2026-05-13 05:08Fix-shipper opens PR https://github.com/axiomzen/toby-mono-repo/pull/12. Status: shipped.

PR shipped

  • PR URL: https://github.com/axiomzen/toby-mono-repo/pull/12
  • Branch: warroom/2026-05-11-blank-extension-page-toby-14
  • Commit: 06baf0f8a (base 75a09e34d on origin/main)
  • Source ticket: TOBY-14
  • Shipper run: b3400d87-0830-4f89-bb70-4c3907c085f1 (artifact: artifacts/toby-incident-fix-shipper/b3400d87-0830-4f89-bb70-4c3907c085f1/ship-result.md)
  • Files touched:
    • apps/extension/app/state/accessors/user.tsx (Layer 1 — 5s timeout fail-open on getUser())
    • apps/extension/app/hooks/useOnboarding2Draft.ts (Layer 1 — same shape on isReady)
    • apps/extension/app/containers/Toby.tsx (Layer 2 + Layer 3 — StuckRecoveryScreen at 8s + NewTabHangShown beacon)
    • apps/extension/app/components/StuckRecoveryScreen.tsx (new component, copy "Your tabs are safe.
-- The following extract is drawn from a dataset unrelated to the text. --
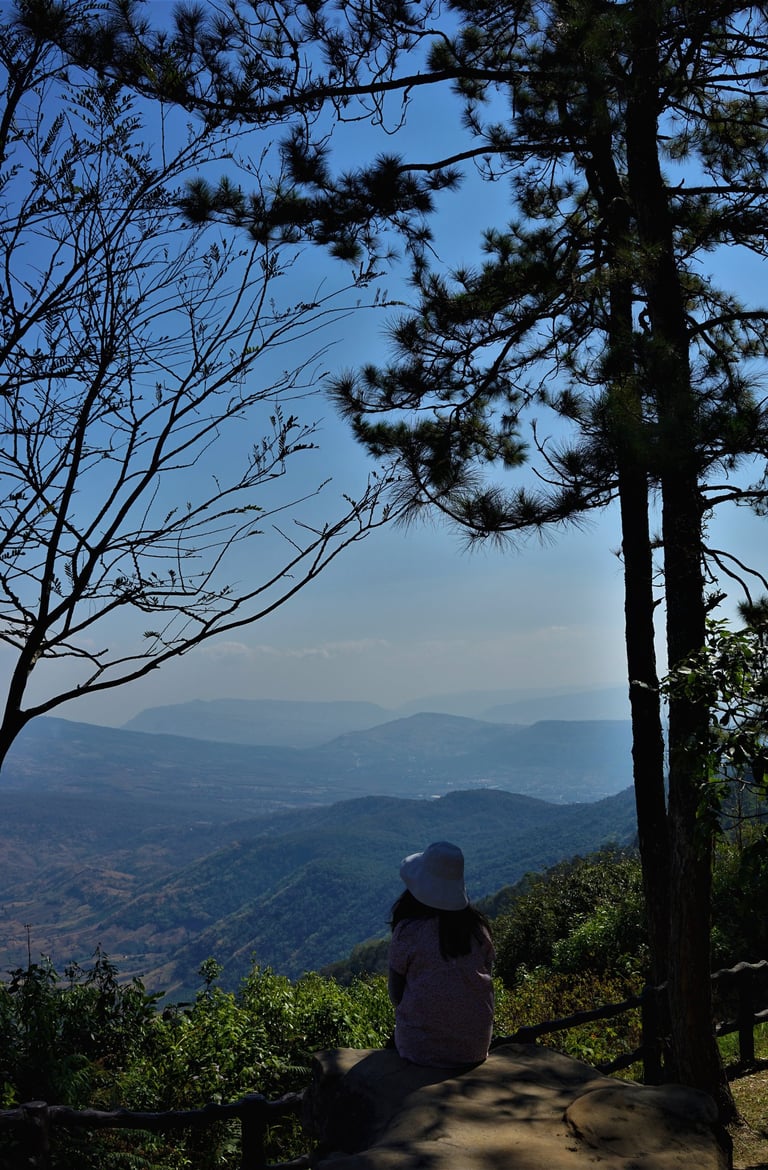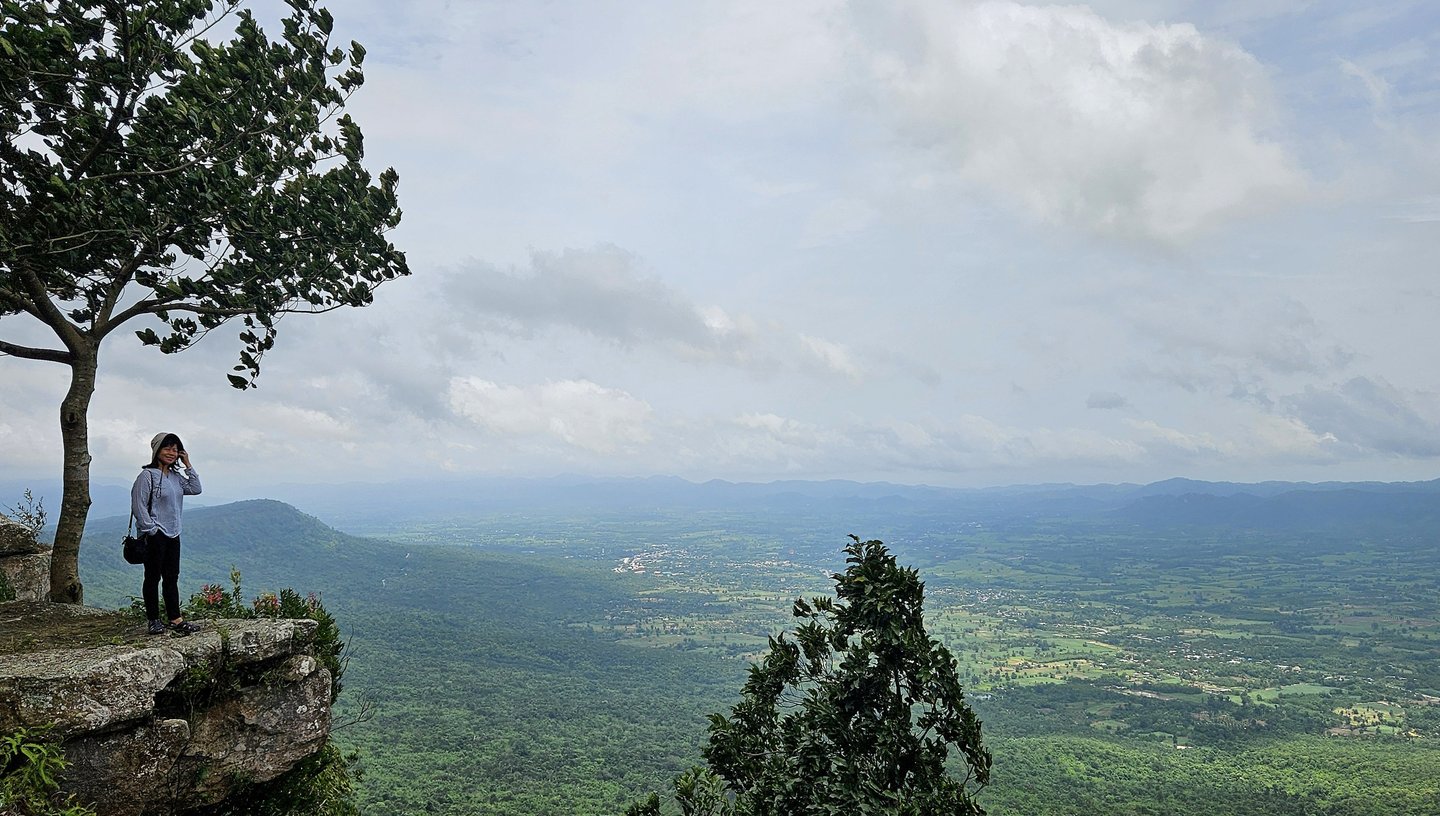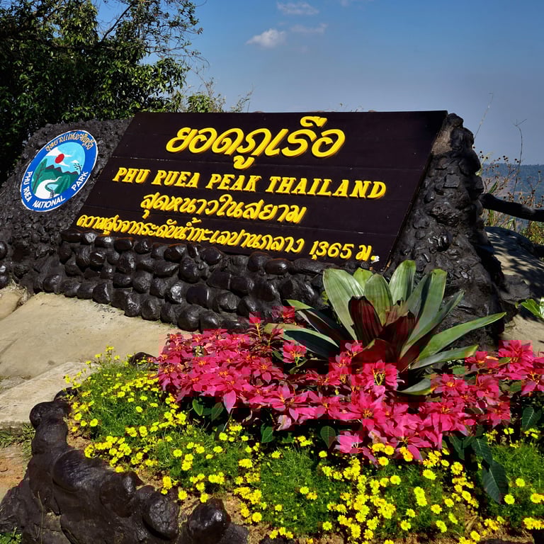 Phu Ruea is a plateau in Loei Province with a peak of 1,365 metres (4,478 feet)). Lying in the Phetchabun Range, it is part of the Phu Ruea National Park close to the border with Laos. The peak is popular with tourists for the chance to see sunrise and low-lying clouds, as well as experiencing year-round cool temperatures. The approaches to the plateau present a table-top vista before the road turns this way and that as it climbs to the top. The parking spot leaves a short walk of about 1.5 kms to the viewpoint, although there is also the option of a buggy-cart style bus. Fresh air and distant views await you.

Tap to recover.")
  • What was deliberately NOT included (per the "Follow-ups" section): Layer-1 shape for isInitializing, the SW-hardening trio, the Layer-1 telemetry beacon. Those remain queued as separate work.
  • Verify plan: the doc's "Verify plan" section above is the canonical checklist for CI + reviewer manual repro. No local typecheck/lint ran in the ephemeral worktree (no node_modules); the diff is minimal and additive, relying on CI for the full check.